You heard the question.

Edit: I just realized conscious sinning doesn't necessarily take a lot of time, because when you sin against the conscience, you basically silence your conscience -- and after that you cannot sin consciously, at least in regards to the sin you silenced the conscience from accusing. So perhaps we should talk about minutes rather than hours.


----------



## Skyler (Feb 28, 2011)

I have no idea. I never bothered to keep track. If God doesn't, why should I?


----------



## Notthemama1984 (Feb 28, 2011)

Enough to know that I am a lost cause apart from Christ.


----------



## Curt (Feb 28, 2011)

Only (mostly) when I'm awake.


----------



## Peairtach (Feb 28, 2011)

Chaplainintraining said:


> Enough to know that I am a lost cause apart from Christ.


 


And enough for me to be ashamed to discuss the subject. I'm just glad I can talk to the Lord about my more and less presumptious sins. It's not something that I think about in terms of minutes or hours.


----------



## Dearly Bought (Feb 28, 2011)

Even the best works that I do in this life are defiled with sin (Isaiah 64:6; Heidelberg Catechism Q. 62).


----------



## Pergamum (Feb 28, 2011)

Are you talking about committing conscious and countable acts of sin only, or are you also taking into account our constant state of being imperfect and sinful creatures and not loving God totally with our hearts and minds in anything we do?

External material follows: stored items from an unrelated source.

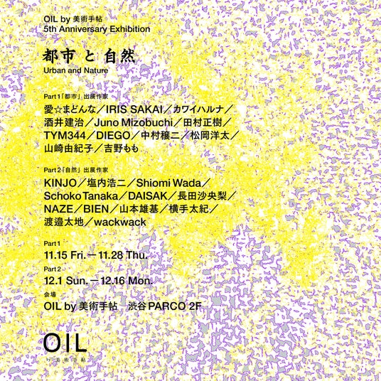 OIL by 美術手帖ギャラリー(東京都 渋谷区 渋谷PARCO2階)では、オープン5周年を記念して、5th Anniversary Exhibition「都市と自然/Urban and Nature」を11月15日(金)より開催します。同展覧会には、総勢24名のアーティストが参加。前期をPart1「都市」(11/15-28)、後期をPart2「自然」(12/1-16)として、各テーマのもと制作された作品合計50点以上を展示します。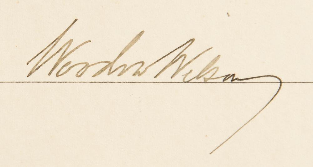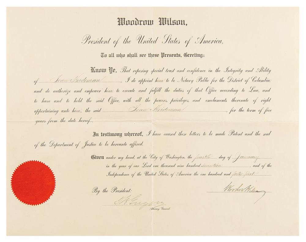 World War I-dated partly-printed DS, one page, 17.25 x 13.5, January 4, 1917. President Wilson appoints Ivan Heideman as a “Notary Public for the District of Columbia.” Signed nicely at the conclusion by Woodrow Wilson and countersigned by Attorney General Thomas W. Gregory. The embossed Department of Justice seal remains affixed to the lower left. In fine condition, with intersecting folds.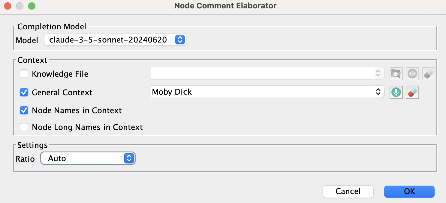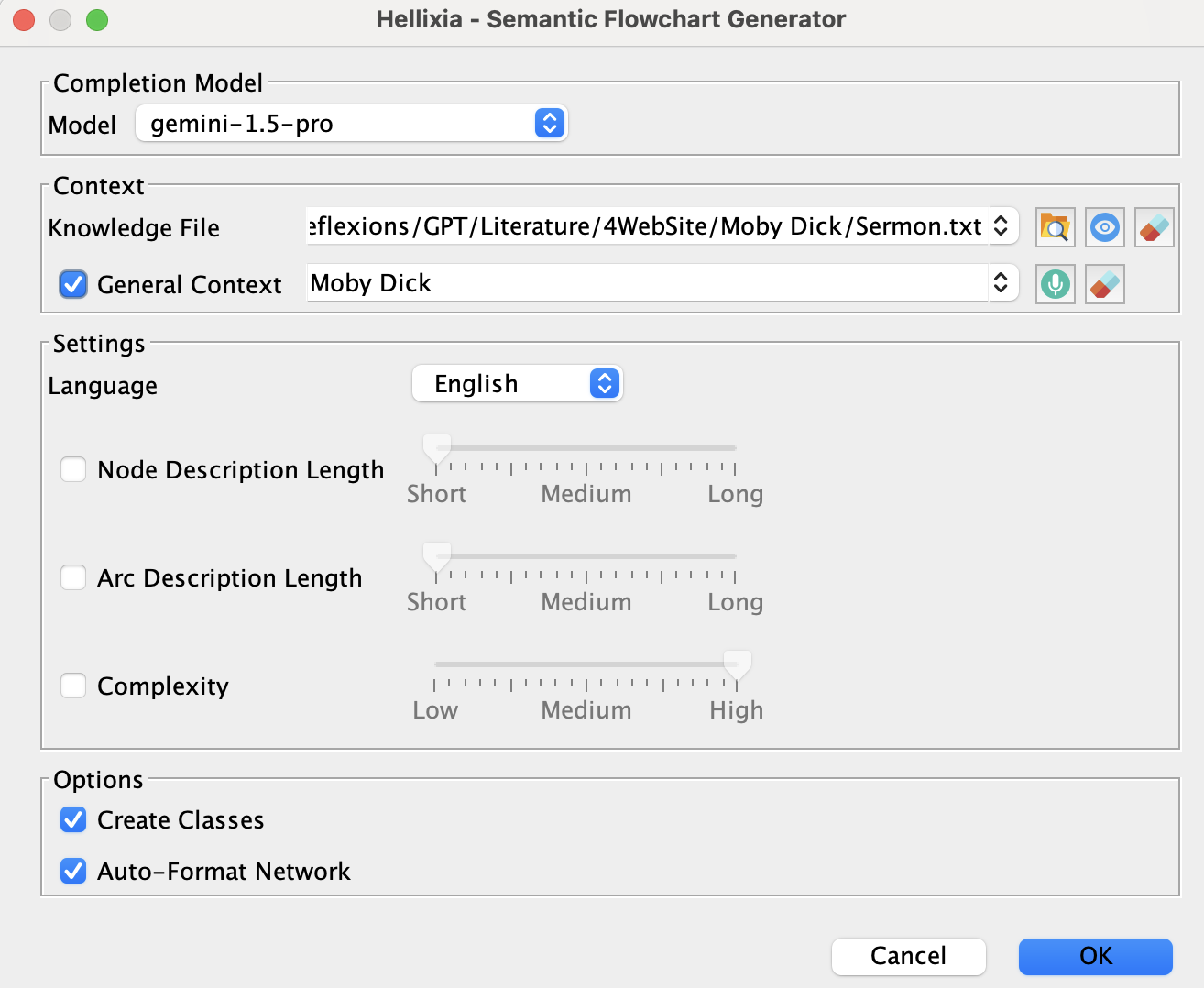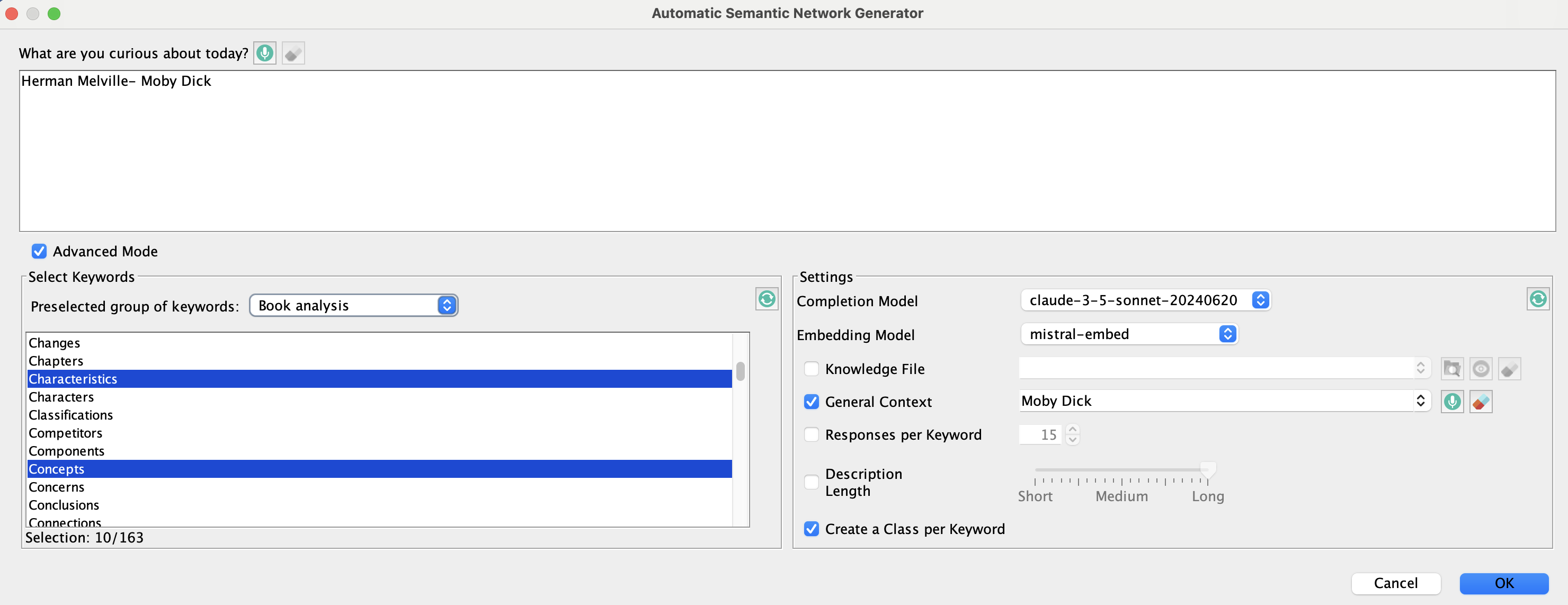 We now proceed with our analysis by utilizing another powerful tool in Hellixia: the Automatic Causal Network Generator. For this step, we use “Herman Melville - Moby Dick Plot” as the input question (see the dialog below).

--As far as conscious and deliberate acts of countable sin, I John tells us that Christians do not sin. And if we do, we have an advocate with the Father.
--As far as our imperfect state goes, all of our works are marred by sinfulness.


----------



## InSlaveryToChrist (Mar 1, 2011)

Pergamum said:


> Are you talking about committing conscious and countable acts of sin only, or are you also taking into account our constant state of being imperfect and sinful creatures and not loving God totally with our hearts and minds in anything we do?
> 
> --As far as conscious and deliberate acts of countable sin, I John tells us that Christians do not sin. And if we do, we have an advocate with the Father.
> --As far as our imperfect state goes, all of our works are marred by sinfulness.


 
Yes, I'm talking about countable sins only, that is, conscious sins. I'm not talking about secret sins.


----------



## SolaScriptura (Mar 1, 2011)

Consciously?

More than I'd like, but not as much as I could.


----------



## JennyG (Mar 1, 2011)

I heard someone argue that almost no-one *ever* does conscious wrong, in that whatever they do they have somehow, on some level, justified to themselves.
I think there's food for thought in that idea, but a lot depends on defining terms, and I doubt if it would apply to believers anyway


----------